Recently, I wrote a column in the Washington Post about the increasing use of faith as an issue in the 2012 presidential campaign. In the Western Republican Presidential Debate, the candidates appeared to double down on the use of politicized piety. Rick Santorum reaffirmed that a candidate’s faith was essential to his qualifications. Newt Gingrich, however, used the opportunity to again attack agnostics, atheists, and secularists – saying that you cannot trust any leader who does not pray.
Gingrich demonstrated vividly how leaders in this country and other countries have portrayed secularists and atheists as the new scourge and threat to world stability. Gingrich has just defended Romney and said that we should not attack people for how they pray or who they pray to. He then quickly took that uplifting message and turned it around to attack those who do not pray – or use religion to guide their policies. It was the perfect “don’t attack Mormons . . . attack secularists” moment.
In the debate (look around the 72 minute marker), Gingrich said religion was a “central part” of a candidate’s qualifications and then asked “how can you have judgment if you don’t have faith and how can I trust you with power if you don’t pray?”
The audience responded with rapturous applause to the attack.
In a speech in March, he promised to protect America from atheists, secularists and, incongruously, Muslims: “I am convinced that if we do not decisively win the struggle over the nature of America, [my grandchildren] will be in a secular atheist country, potentially one dominated by radical Islamists and with no understanding of what it once meant to be an American.”

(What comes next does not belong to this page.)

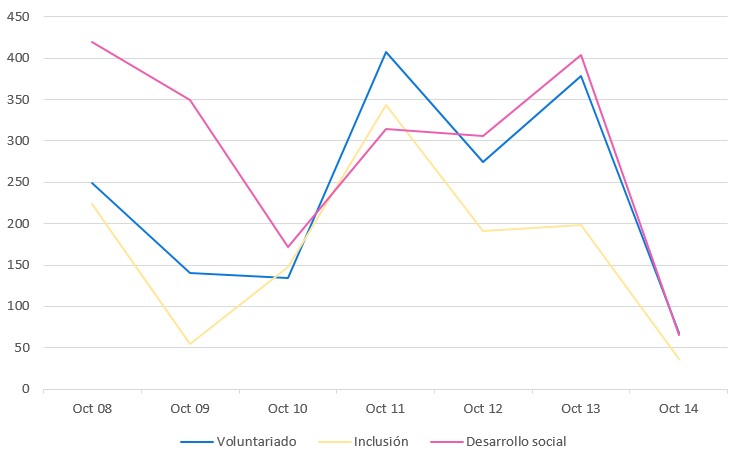 Menciones en redes sociales, medios y blogs en español sobre marcas y empresas vinculadas a voluntariados, desarrollo social, campañas solidarias, inclusión, y términos afines.

Of course, terrorists pray. They just pray for the wrong thing and then kill people. Nevertheless, people like Tony Blair think that atheists may be a bigger threat than terrorists to the future of the world. Religious and political leaders around the world also opened up attacks on secularists as a growing evil.
It has become not just politically correct but politically popular to hate secularists, atheists, and agnostics. It reflects a deep insecurity among political leaders that faith-based politics could be challenged if people begin to evaluate their candidates solely on their performance and their credentials. For Gingrich, this means a type of prayer test — proof that you pray to God and will be guided by religious values in carrying out public duties. “Non-believers” have become the Willie Hortons of the 2012 presidential campaign and the implications of this new theme among the candidates is a dangerous form of demagoguery in a country dedicated to separation principles.
Filbmy.ucoz.ru
“What is the joke about atheists in foxholes?”

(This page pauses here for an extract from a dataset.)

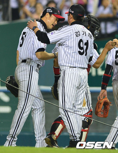 경기를 마무리지으며 세이브를 거둔 LG 봉중근이 김기태 감독과 인사를 나누고 있다./dreamer@osen.co.kr

A combat veteran survived many near misses. As a souvenir, he kept one bullet from his last clip.
The veteran came home and always carried his bullet in his shirt pocket. One day, the veteran walked past a church, where the minister was preparing his sermon in his second floor office. As the veteran passed under the minister’s office, a Bible fell from the minister’s office window, knocking the veteran to the sidewalk. As pedestrians helped him to his feet, he exclaimed:
“If it weren’t for the bullet in my pocket,
that Bible would have killed me!”
Of course to whom is always the next step. Seems that those excoriating theocracies like Iran, Iraq, etc are often the ones leading the charge to make this a theocracy, or whoops, a “Christian nation.” (After all
G-d, it was said as Reagen sat next to the speaker, does not hear the prayers of Jews.”)
And of course, anyone can say they pray. What is the joke about atheists in foxholes? Before the bullet comes they say “Oh My G-d!”

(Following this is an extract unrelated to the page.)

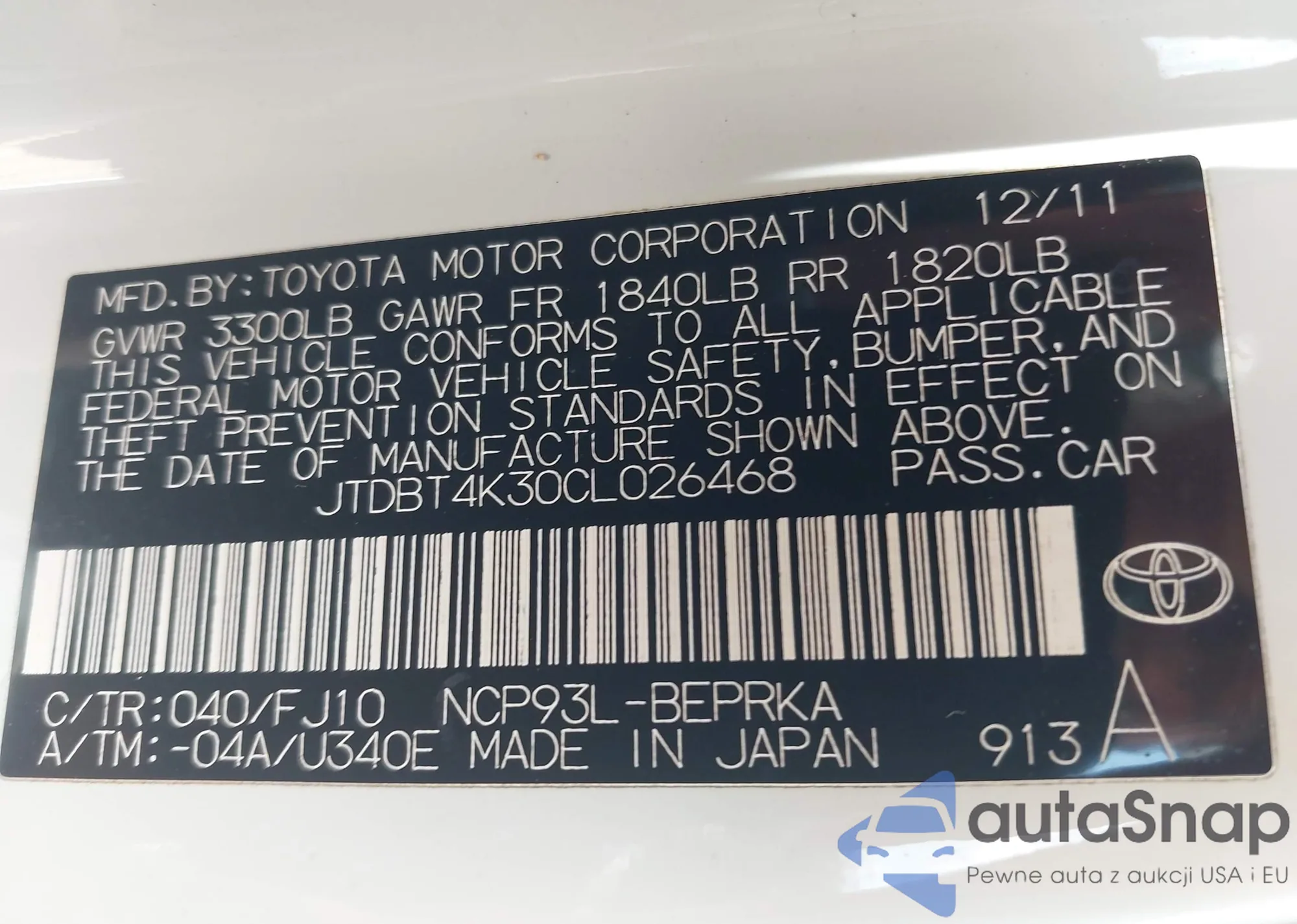 LOT: 42513731 VIN: JTDBT4K30CL026468

http://www.npr.org/2011/10/19/141365280/with-romney-in-spotlight-his-church-steps-up-ads Mormon church is increasing advertising with Romney in the race. I don’t think this helps him.
AngryManSpeaks, thumbs up!
So which of the translations of Snow White and the Seven Dwarves is most authoritative?
I regard this question as more relevant than worrying about the translations of that other book with which you’re so concerned. Snow White is far more credible, has fewer contradictions, and comes to a satisfying, believable conclusion.
Oh, by the way, just a page or two before the bit in that calls for stoning to death any man who lays with another man as if with a woman, the same death penalty is called for in the case of adultery (and in the case of a son who speaks disrespectfully to his father, for that matter). If anybody believes that morality comes from the bible, then they are not free to pick and choose which parts they will obey and which they won’t. As soon as you begin to apply your own moral code to the bible, you have admitted that morality exists irrespective of what any of the many versions of the old and new testaments assert, and the bible is just being used as an excuse to support and justify your own oral beliefs. Perhaps the only people who don’t practice some form of moral relativism are the sort of fundamentalist religious fanatics who can justify flying planes into buildings in defense of their particular holy book’s urgings.